As an ongoing project, I have been considering if and how we should assess library instruction sessions that take place during the course of the semester. Sparked by a short quote in Critical Information Literacy, and my own reflection on assessment practices in our program, I started researching criticisms to the "culture of assessment" that has been part of higher education since the early 2000s, and pushed in academic libraries with the publication of Megan Oakleaf's Value of Academic Libraries report.

Two articles that have really influenced my perspective:


Part of my job is assessing our information literacy program, which would include the library instruction sessions. After reading these articles, I wondered, do I get rid of assessment all together? One way is to consider the definition of assessment, which Wall et al. (2014) put into three main camps: examining student learning, examining programs, and determining institutional effectiveness. Both Wall and Bennett and Brady support genuine, faculty-driven curriculum development, but find assessment at large to be a problematic shift towards "monitoring and auditing educators, rather than a tool for teaching and learning" (Bennett & Brady, 2014, p. 47). Doing assessment for the goal of efficiency, revenue and prestige "serve a market rationale associated with the universities creating workers and knowledge for economic development, rather than primarily serving more abstract educational purposes" (Wall et al., 2014, p. 9).

If I had no self-control I would have highlighted both papers in their entirety, but somehow managed to limit myself to main points, with the underlines and stars and exclamation points peppered throughout. I found myself nodding along, making notes in the margins, and talking about these articles to anyone who wandered past my office.

But if I agree assessment is problematic, what can I do at my assessment-driven institution (and library culture as a whole)?

We have six information literacy program learning outcomes, to which Bennett and Brady point out: "The use of the term "learning outcome" for what is to be included in a whole program of study leading to a qualification such as a degree constitutes a misuse... [T]he further away from the student and the teacher in a classroom, the more remote, generalized and irrelevant statements of learning outcomes become" (p.47).
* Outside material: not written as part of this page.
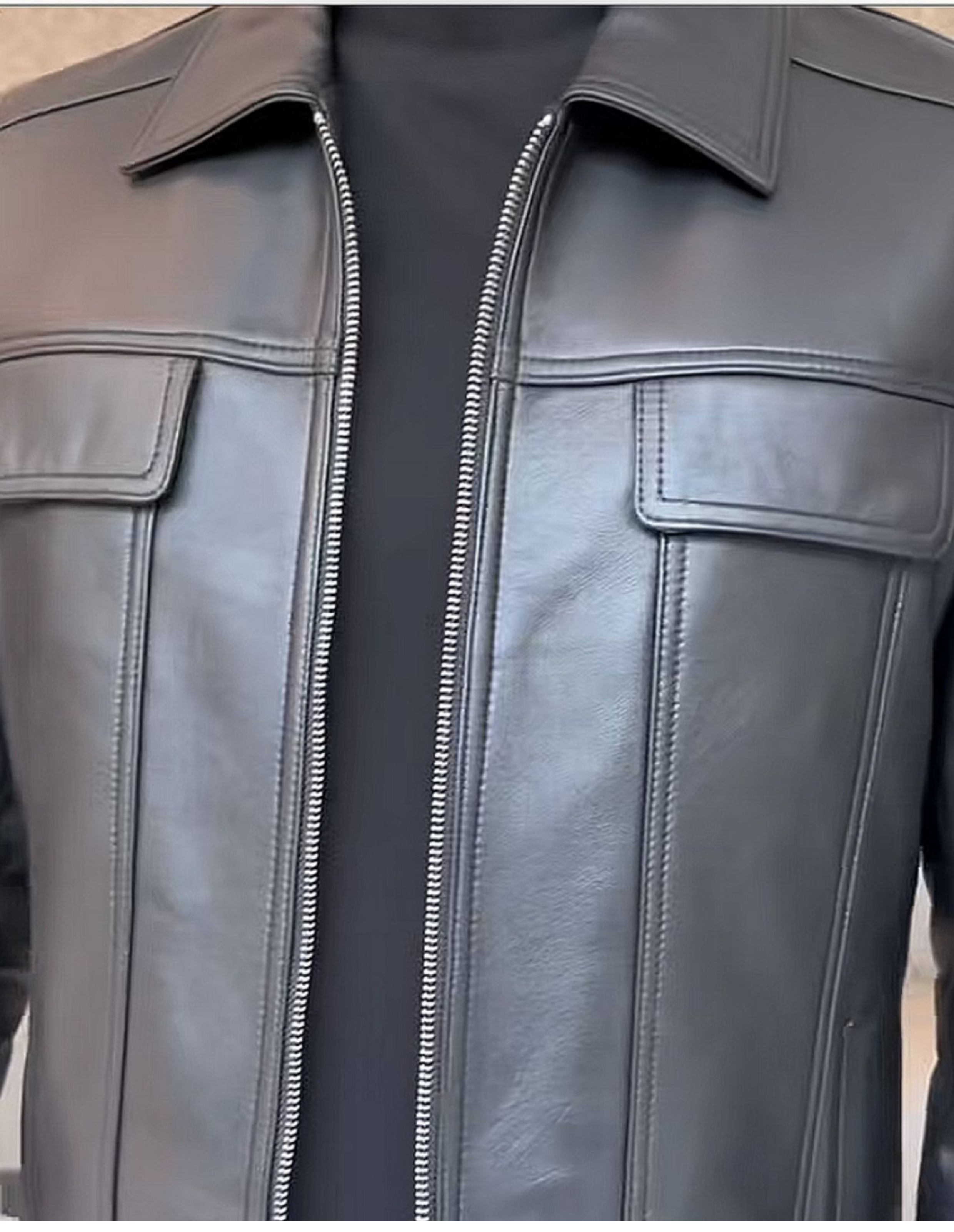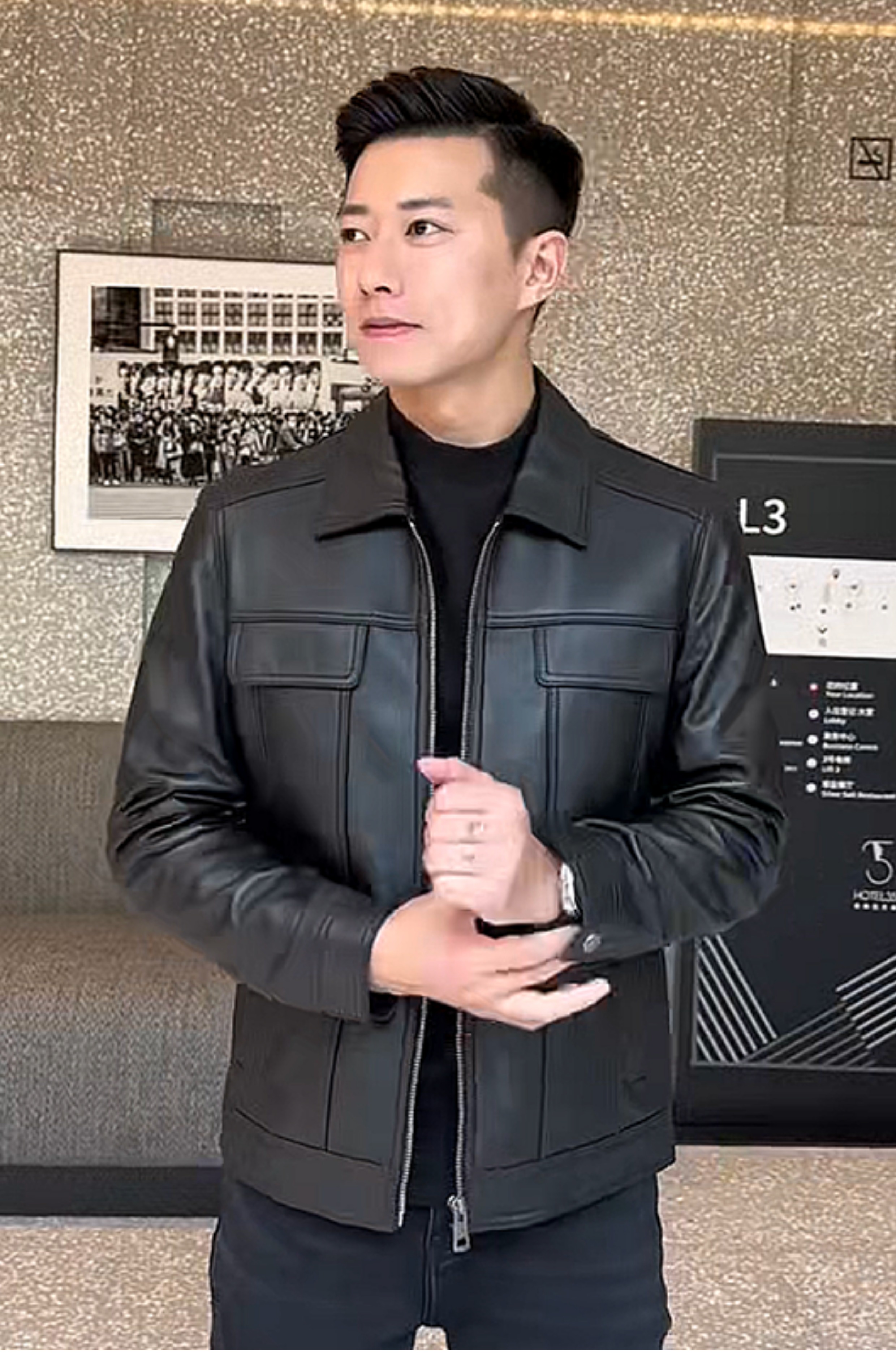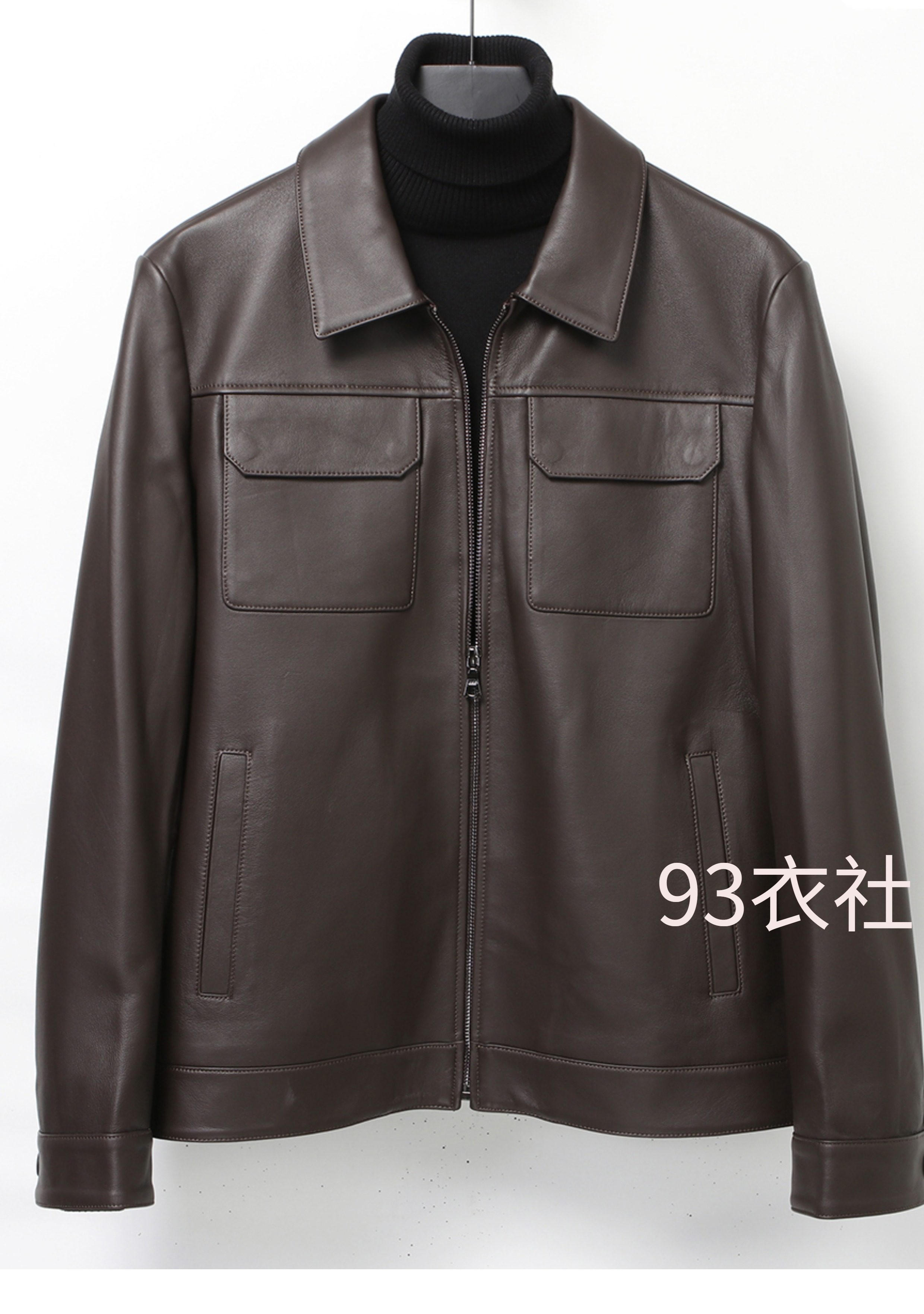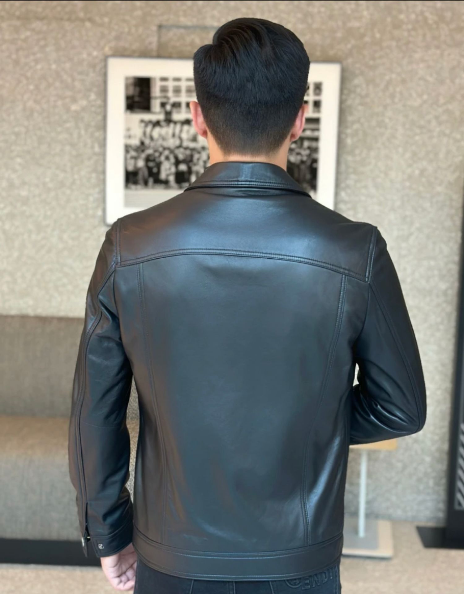 Spring and Autumn Heavy-Duty Genuine Leather Jacket for Men, Slim-Fit Workwear Style, Sheepskin Coat, Business Casual Lapel Leather Jacket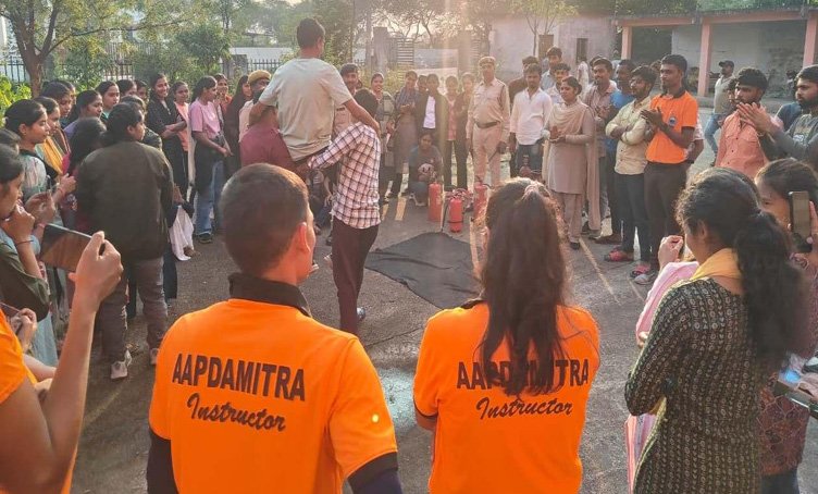 राजनांदगांव। राष्ट्रीय आपदा प्रबंधन प्राधिकरण तथा राजस्व एवं आपदा प्रबंधन विभाग के निर्देशानुसार कलेक्टर श्री जितेन्द्र यादव के मार्गदर्शन में 800 युवा आपदा मित्रों का प्रशिक्षण दिया जाएगा। प्रथम चरण में युवा आपदा मित्र योजना के तहत क्षेत्रीय पंचायत एवं ग्रामीण विकास प्रशिक्षण केन्द्र बरगा में 80 युवा आपदा मित्रों को प्रशिक्षण दिया जा रहा है। प्रशिक्षण के चौथे दिन मुख्य चिकित्सा एवं स्वास्थ्य अधिकारी, जिला सेनानी नगर सेना, आपदा मित्र मास्टर ट्रेनर्स द्वारा बीएलएस एण्ड सीपीआर डेमो एवं प्रेक्टिल तथा फायर सेफ्टी से संबंधित प्रशिक्षण दिया गया।

No only do we have six program learning outcomes, but those are mapped, in our university assessment software to the course learning outcomes in our freshmen information literacy course, and in our embedded writing courses, and in the flagged graduation requirement courses, and I'm standing here just supporting a neoliberal ideology and the capitalistic culture of higher education.

On a large scale, student outcomes that we obsessively measure in higher education (retention rates, grades, graduation rates, employment after-graduation) have less to do with learning practices in the classroom and our pedagogical inputs, and more to do with the large structural inequalities and inputs such as inadequate college preparation, student debt, and "lack of access to social, cultural, and economic capital" (Bennett & Brady, 2014, p. 150).    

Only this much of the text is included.